Leroy Sr. said that he last saw his son around 11:30 pm on Saturday before he left to go out with his friends.

“He runs the business – a Meat Centre and Grocery Store in Bagotville – because my wife is on vacation so he does run it on Saturdays. He work last night [Saturday] and he close the business around 8:30 [pm] but his brother did a little barbecue in front and then he came home and changed and went out back around 11:30 and I didn’t see him since,” Leroy Sr. said, while explaining that he wasn’t aware of the accident until his eldest son called him and informed him of what had happened.

The car in which the victims were travelling when tragedy struck. (Photo courtesy Guyana Police Force)

He said he subsequently rushed to the hospital where he was informed that his son had died as a result of the accident.

“Apparently it was the highness. He was going to drop his friend home, the one that was living in Goed Fortuin and the rain was falling so the road was probably wet and apparently when he went around the turn he couldn’t control the car and ram into the Canter back and spin and what’s not,” the still-distraught man said.

A few villages north of Nismes is La Grange where both Pasha and Hardyal are from, and lived not too far from each other.

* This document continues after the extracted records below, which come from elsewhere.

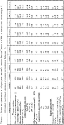10-30 г полученного восстановленного катализатора с частицами 38-150 мкм суспендировали в 300 мл расплавленного воска и загружали в CSTR с внутренним объемом 500 мл. Подаваемый газ состоял из водорода и моноокиси углерода в молярном соотношении Н2/СО от 1,5/1 до 2,3/1. Реактор нагревали при помощи электричества и для устранения ограничений в массопередаче газ-жидкость перемешивали мешалками с достаточно высокой скоростью. Подаваемый поток регулировали при помощи регулятора потока Brooks, использовали объемные скорости от 2 до 4 м3 н/кгкат·ч. Для характеристики спектра продуктов использовали ГХ газов, а также летучих головных углеводородов.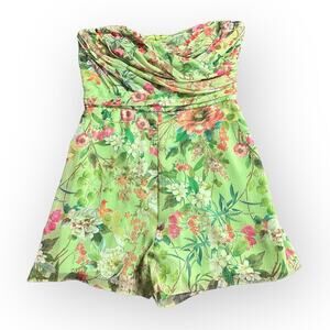 Jay Godfrey Lydia Romper Women's 8 Green Floral Short Strapless Sweetheart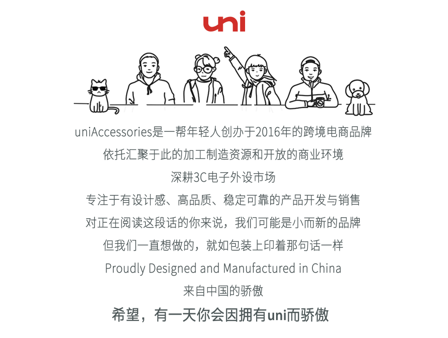 uniAccessories是一家起步于深圳的创业公司,利用这里全球领先的加工制造资源和开放的商业环境,深耕 USB-C 配件市场,坚持专注于有设计感、高品质、稳定可靠的产品开发,我们的产品已经获得了广大海外( 美欧日)消费者的认可与肯定。今天终于带着历经打磨的最佳产品回到中国,在配件市场为中国消费者带来多一种优质选择。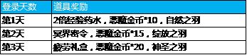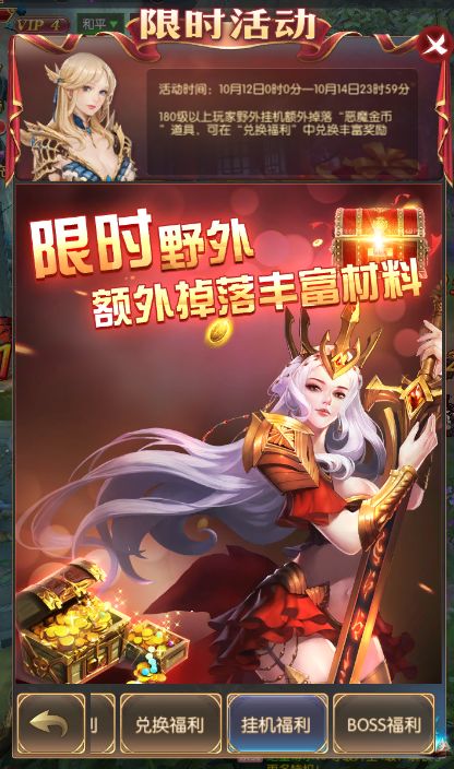 活动规则:活动期间内,180级以上玩家野外挂机额外掉落 “恶魔金币”道具,可在“兑换福利”中兑换丰富奖励

At Hardyal’s residence, his sister, Marsha, was sitting on a makeshift bench along with her grandfather who was lying in a hammock surrounded by other family members and close friends. The family was shocked at what had happened and said that they were still having difficulty accepting that Hardyal was no longer alive.

“This morning when I get the message I didn’t believe it cause I de still sleeping. Is in me sleep and wake that I realise what happened. I get up and I call me grandmother and ask if she know what happened to my brother and right away I rush to the hospital. When I reach there nobody ain’t want tell me what happened. But is when I go inside I see me brother dead and lie down,” the woman related.

She explained that she last saw her brother around 12 am yesterday when he came home and asked for food. She said she fed him and he relaxed in the hammock while his three friends waited for him in the car on the road.

“…Then the short one [Bourne] come, cause all of we is friends, we grow up together, and he ask me what going on and then he left and went upstairs to me brother and tell he that they waiting on he for more than an hour. He eventually come down the stairs and he had on a vest and jersey on he shoulder, and then he put on the jersey and fix he pants. He had to run inside back for something so he call me and tell me to tell he friends not to go away and leff he because he going with them,” Marsha recalled.

She said that he subsequently rushed down the stairs and jumped into the car which travelled towards Bagotville, where he and his friends went to party. She also noted that they heard that after the party the four men were going to another one in Pouderoyen “but them nah reach.”

About 200 feet south of Hardyal’s residence is where Pasha lived. Friends and close family had already gathered to offer their condolences and continued flowing in throughout the day. Echoing similar sentiments’ as Hardyal’s family, Pasha’s also noted that the news of his death “shake we up.”

They related that they last saw him around 11 pm before he left the house to attend a wedding in Bagotville and had not heard anything until they received a call from someone informing them that they saw the young man at the hospital and that he had been involved in an accident.

After hearing the news they rushed to the WDRH where they saw him on life support and were told that he was brain dead. After a few hours Pasha passed away.

One of his friends who identified himself as “Rastaman” told the family that he saw Pasha at the wedding around 3 am and was left dumbfounded when he heard the news a mere two hours later. The family is unaware of what exactly happened that led to the accident and where he was headed at the time. However, they did explain that the other three men are known to them as they would usually hang out together.